Start of Block
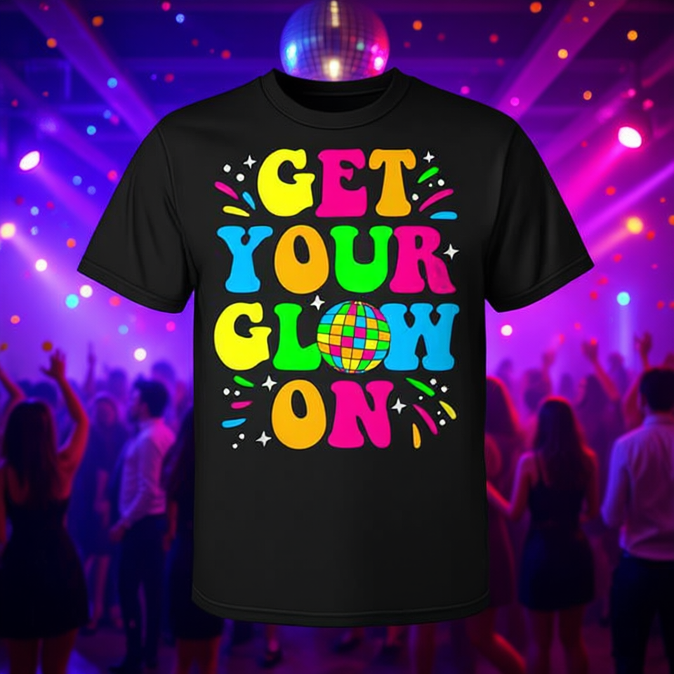 Camiseta a juego para fiesta Get Your Glow On, diseño multicolor negro
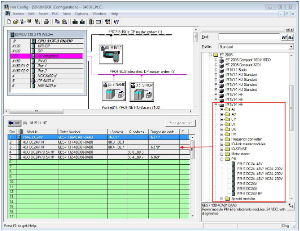 根据各模块的订货号,从硬件组态树型菜单栏中PROFIBUS DP > ET 200S>IM151-1 HF 目录,依
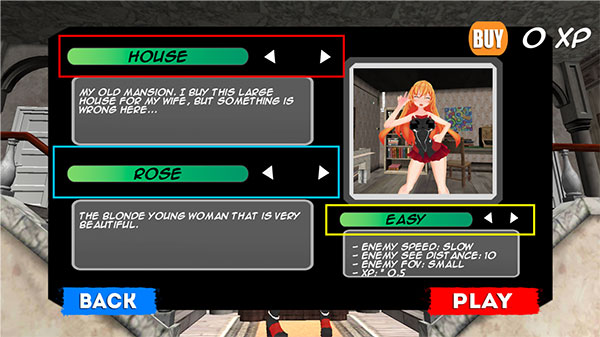 1、如下图,红框“house”可以切换场景地图,黄框“easy”可以调整游戏难度,蓝框“rose”可以切换不同形象的妻子。
End of Block
Write the material out again exactly. Skip each picture.

 Camiseta a juego para fiesta Get Your Glow On, diseño multicolor negro
 根据各模块的订货号,从硬件组态树型菜单栏中PROFIBUS DP > ET 200S>IM151-1 HF 目录,依
 1、如下图,红框“house”可以切换场景地图,黄框“easy”可以调整游戏难度,蓝框“rose”可以切换不同形象的妻子。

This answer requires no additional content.